One issue with Arnold is that while he has short area bursts in spades, he doesn’t necessarily have the long recovery speed that a guy who plays as physically as he does might want. If Arnold presses up hard on a receiver and the receiver somehow gets by him downfield, Arnold might not be the best at catching up to him before the ball ends up in his opponent’s hands. He isn’t slow in any sense of the word, but he also isn’t in that tier one of speedy corners. 


Another issue with his game stems from his aggressiveness. While he is certainly a smart football player, his play recognition can sometimes be lacking, and if an opponent hits a double move on him, there is a chance it works. He always wants to jump down on those hitch routes, so when a receiver stems inwards and then bursts back upfield, it can leave Arnold standing on his heels, watching a helmet go by him. This, combined with his lack of elite recovery speed, is an issue.


The fact of the matter is that Terrion Arnold was a winning cornerback in the SEC as a young player right from the start.

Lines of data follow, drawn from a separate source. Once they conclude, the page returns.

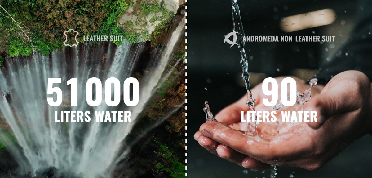 On the other hand, in the manufacture of our non-leather fabric only 30 liters are used per kilo. That is, 566 times less. We can see the comparison in the following image, considering that a single leather suit requires approximately 3kg.
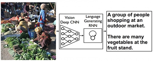 «Я бы назвала пиксельные данные в изображениях и видео темным веществом Интернета, и мы начинаем освещать его», — заявляет Фэйфэй Ли (Fei-Fei Li), директор Лаборатории искусственного интеллекта Стэнфордского университета. Вместе с аспирантом Андреем Карпатым, соавтором доклада «Deep Visual-Semantic Alignments for Generating Image Descriptions», она работает над Multimodal Recurrent Neural Architecture, системой аннотирования картинок на естественном языке, создающей семантическую связь с визуальным контентом веб-страниц.
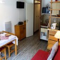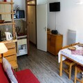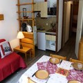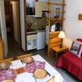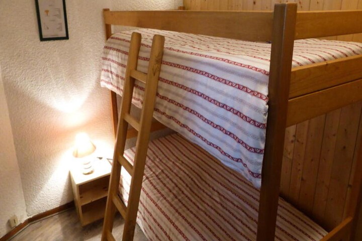 This 29m² ground-floor studio apartment in Les Contamines-Montjoie comfortably accommodates up to five guests. It features a sofa bed (140x190cm) in the living room, bunk beds in the sleeping area, and a pull-out bed (90x190cm). Pets are allowed. The studio benefits from an east-facing balcony.

As a former five-star recruit at safety, his football IQ allowed him to adapt to corner quickly. He proved it on Saturdays, and now he’s a guy NFL teams want playing for them on Sundays. Based on the NFL’s official grading system, I would give Arnold a score of 6.41, meaning I grade him as a high-quality future starter who may just need a year or so to get used to the NFL. This is a tough grade to give, but I just think that his lack of top-end speed will keep him from that top-shelf type of lockdown corner unless he develops his technique better. He’s my CB3 this year. I could see a Pro Bowl in his future, and I would be happy for any team that drafts this young man. I can’t wait to see his career.